Xanamem’s 10 mg Dose Confirmed Effective by New Pharmacology Research

• Peer-reviewed publication confirms 10 mg daily Xanamem dose
• Clinical pharmacology approach integrates PET and cognitive testing
• Positive phase 2a depression trial results support dose selection
• XanaMIA phase 2b/3 Alzheimer's trial underway with 10 mg dose
• Xanamem targets brain cortisol synthesis enzyme 11ß-HSD1

Actinogen’s Dose Confirmation Advances Xanamem Development

Actinogen Medical (ASX: ACW) has taken a significant step forward in its clinical development program with the publication of a peer-reviewed article in the journal Clinical Pharmacology in Drug Development. The article rigorously validates the 10 mg daily dose of Xanamem (emestedastat), a novel inhibitor of brain cortisol synthesis, as the optimal therapeutic dose for central nervous system diseases including Alzheimer's and depression.

The study highlights the company’s sophisticated clinical pharmacology approach, combining pharmacokinetics (PK), endocrine pharmacodynamics (PD), positron emission tomography (PET) imaging, and computerized cognitive testing. This multi-modal strategy has allowed Actinogen to refine dose selection beyond traditional methods, ensuring that the 10 mg dose achieves sufficient brain enzyme inhibition without unnecessary escalation.

Clinical Trial Context and Implications

Earlier pharmacokinetic modeling had suggested a 20 mg dose might be required to maintain cerebrospinal fluid concentrations above the half maximal inhibitory concentration for the 11ß-HSD1 enzyme. However, PET imaging data demonstrated that doses as low as 5 to 10 mg daily effectively inhibit the target enzyme in the brain. This finding aligns with cognitive testing results showing consistent pro-cognitive benefits at these doses, particularly improvements in attention and working memory.

These insights underpin the dosing regimen used in Actinogen’s ongoing XanaMIA phase 2b/3 trial in mild to moderate Alzheimer's disease patients. The trial, enrolling 220 participants across Australia and the US, is testing the ability of 10 mg daily Xanamem to slow disease progression, with interim results expected in late 2025. The dose confirmation also builds on positive outcomes from the XanaCIDD phase 2a trial in treatment-resistant depression, where the 10 mg dose produced statistically significant improvements in depressive symptoms and cognitive function.
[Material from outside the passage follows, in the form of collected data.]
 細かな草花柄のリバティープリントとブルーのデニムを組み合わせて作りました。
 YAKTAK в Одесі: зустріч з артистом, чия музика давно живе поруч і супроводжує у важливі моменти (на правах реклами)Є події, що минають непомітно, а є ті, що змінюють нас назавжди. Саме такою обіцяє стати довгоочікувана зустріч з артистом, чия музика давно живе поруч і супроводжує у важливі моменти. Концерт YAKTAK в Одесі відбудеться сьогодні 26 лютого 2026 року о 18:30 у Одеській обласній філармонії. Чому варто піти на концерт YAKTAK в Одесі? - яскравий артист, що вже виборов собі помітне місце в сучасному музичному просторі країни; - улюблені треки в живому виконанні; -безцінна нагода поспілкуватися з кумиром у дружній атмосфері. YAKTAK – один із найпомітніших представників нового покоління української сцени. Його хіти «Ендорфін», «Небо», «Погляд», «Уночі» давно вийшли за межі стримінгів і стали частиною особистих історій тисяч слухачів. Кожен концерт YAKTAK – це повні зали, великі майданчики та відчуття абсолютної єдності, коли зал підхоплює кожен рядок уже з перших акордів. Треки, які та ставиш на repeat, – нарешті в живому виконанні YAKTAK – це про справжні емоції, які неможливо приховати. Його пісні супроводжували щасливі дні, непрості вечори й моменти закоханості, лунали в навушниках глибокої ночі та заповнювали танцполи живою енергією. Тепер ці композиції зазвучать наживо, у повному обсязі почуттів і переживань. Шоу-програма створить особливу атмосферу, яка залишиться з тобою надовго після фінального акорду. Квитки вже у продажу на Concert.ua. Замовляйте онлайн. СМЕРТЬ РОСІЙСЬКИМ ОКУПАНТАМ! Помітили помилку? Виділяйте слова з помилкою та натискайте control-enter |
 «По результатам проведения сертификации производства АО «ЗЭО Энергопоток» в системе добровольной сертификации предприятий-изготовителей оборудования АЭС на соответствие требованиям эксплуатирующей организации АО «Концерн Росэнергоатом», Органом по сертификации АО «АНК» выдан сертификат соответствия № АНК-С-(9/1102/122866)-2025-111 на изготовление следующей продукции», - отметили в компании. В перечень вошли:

Strategic Significance and Future Outlook

Actinogen’s Chief Medical Officer, Dr Dana Hilt, emphasized the value of the stepwise clinical pharmacology process, stating it provides confidence in the dose selection for ongoing trials. CEO Dr Steven Gourlay echoed this sentiment, highlighting the importance of direct brain effect measurements in guiding development decisions.

With approximately 400 volunteers and patients studied across eight clinical trials, Xanamem has demonstrated a promising safety profile and consistent target engagement. The drug’s novel mechanism, selectively inhibiting brain cortisol synthesis without affecting adrenal cortisol production, addresses a critical unmet need in neurodegenerative and neuropsychiatric disorders linked to cortisol dysregulation.
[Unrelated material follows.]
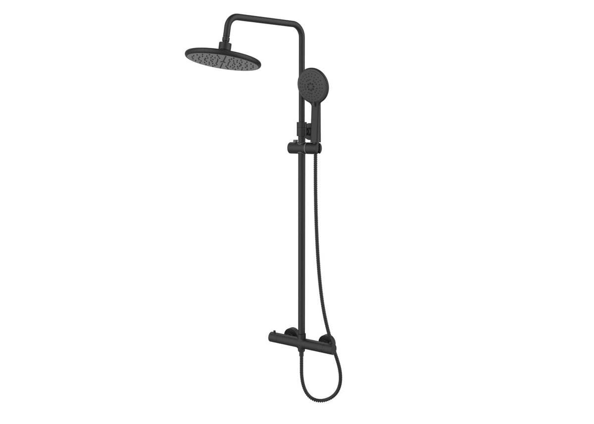 Basic ensemble de douche avec mitigeur thermostatique, douche de tête, douchette à main, noir mat (SATSSTKEBC)
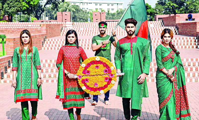 পোশাকে বিজয়ের লাল-সবুজ পোশাকে চেতনা ধারণ করার ভাবনাটি নতুন নয়। দুটি রঙের মিশেলে দেশের জন্য ভাবনাকে ফুটিয়ে তুলতে পারা যায় অনায়াসে। তবে পোশাকের নকশা, কাট, ডিজাইন যেমনই হোক, লাল-সবুজ মানেই একটি চেতনা। সব পরিচয় ছাপিয়ে যেখানে বড় হয়ে ওঠে নিজেদের বাংলাদেশি পরিচয়টাই। তাই প্রতিবারের মতো এবারও দেশীয় হাউসগুলো সেজেছে লাল-সবুজে। বিস্তারিত লিখছেন নিশাত তানিয়া লাল-সবুজ রঙটি আজও আমাদের চেতনার প্রতীক, বলছিলেন রঙ বাংলাদেশের কর্ণধার সৌমিক দাশ। এবারও তারা আয়োজন করেছেন বিজয় উৎসবের। এবারের থিম মানচিত্র, পতাকা ও জাতীয় সংগীত। তিনি আরও বলেন, লাল ও সবুজের সমন্বয়ে প্রতিটি পোশাক যেন কথা বলে আত্মবিশ্বাসের, গর্বের, স্বাধীনতার। কটন হাইব্রিড, জ্যাকেট কটনের আরামদায়ক পোশাক রেখেছেন তারা যে কোনো বয়সের ক্রেতাদের জন্য। স্কিন আর ডিজিটাল প্রিন্টের কাজে প্রতিটিতে থাকছে নানন্দিকতার ছোঁয়া। বাংলাদেশের উৎসব আর দিবসভিত্তিক পোশাকে বিজয় দিবস উল্লেখযোগ্য। তাই তো ফ্যাশন হাউসগুলোর ভাবনায় একঘেয়েমি থেকে বেরিয়ে সময়োপযোগী করার তাগিদ থাকে প্রতিটি বিজয় উৎসবেই। এবারও এর ব্যতিক্রম নয়। বরাবরই ফ্যাশন হাউসগুলো নতুন প্রজন্মকে পোশাকের দিক থেকে করেছে স্বদেশমুখী। তাদের ডিজাইনের একটা বড় অংশজুড়ে রয়েছে দেশাত্মবোধের চেতনা। এবারের বিজয় দিবসে লাল-সবুজের প্রত্যয়ে আবারও সে চেষ্টাই চলছে। মূলত ফ্যাশনের ধারাটা সময়কে ধারণ করে। ফ্যাশন হাউসগুলো ঘুরে দেখা গেল বিজয় দিবস উপলক্ষে ডিজাইন করা শাড়িতে জাতীয় পতাকার লাল-সবুজ রঙের পাশাপাশি আছে কালো, সাদা ও কমলারও নিপুণ সমন্বয়। ফ্যাব্রিক হিসেবে এখানে ব্যবহার করা হয়েছে ক্রেপ সিল্ক ও হ্যান্ডলুম কটন বা হাতে বোনা সুতি কাপড়। ১৯৭১-এর ১৬ ডিসেম্বরের বিজয় এখন ফ্যাশন স্টাইলের অনুষঙ্গ হিসেবে যোগ করেছে নতুন মাত্রা। এ ফ্যাশন-স্টাইলে উৎসবী আমেজ থাকলেও তার থেকে বেশি থাকে দেশাত্মবোধ তথা দেশপ্রেম। আর সে কারণেই বিজয়, স্বাধীনতা কিংবা ভাষা দিবসের ফ্যাশনের প্রথম চিত্রকল্প হিসেবে পোশাকে, শোপিসে কিংবা গহনায় উঠে আসে মুক্তিযুদ্ধের স্থিরচিত্রের চিত্রকর্ম, ’৭১-এর আত্মত্যাগের বাঙালি ধরনটা যেমন হৃদয়ছোঁয়া, মর্মস্পর্শী, আবেগঘন; তেমনি আনন্দময়তার রেশটাও কম নয়। আর এ ফ্যাশন বোধের মর্মকথাটা চিত্রে ও কবিতার পঙ্্ক্তির মাধ্যমে পোশাকে উৎকীর্ণ করার সফল প্রয়াসটা প্রতিবছরের এ বিশেষ দিনগুলোতে করে থাকেন প্রতিষ্ঠিত হাউসগুলোর পক্ষে নিজ নিজ ডিজাইনাররা। এবারের বিজয় দিবসও এর ব্যতিক্রম নয়। মুক্তিযুদ্ধবিষয়ক ডাকটিকিট, মুক্তিযুদ্ধবিষয়ক কবিতা, ছবি, আমাদের জাতীয় ফুল শাপলা ও স্মৃতিসৌধ এবারের আয়োজনের অনুপ্রেরণা হিসেবে ব্যবহৃত হয়েছে। আমাদের প

While Xanamem remains investigational and unapproved outside clinical trials, this peer-reviewed validation strengthens Actinogen’s position as it advances toward pivotal efficacy data. The integration of biomarker-driven patient selection and advanced imaging techniques may set a new standard for dose optimization in CNS drug development.

Bottom Line?

Actinogen’s dose validation for Xanamem sets the stage for pivotal trial readouts and potential regulatory milestones ahead.

Questions in the middle?

• Will the XanaMIA trial’s interim data confirm Xanamem’s efficacy in slowing Alzheimer’s progression?
• How might regulatory agencies view the novel clinical pharmacology approach used for dose selection?
• Could Xanamem’s mechanism extend to other neuropsychiatric conditions beyond Alzheimer’s and depression?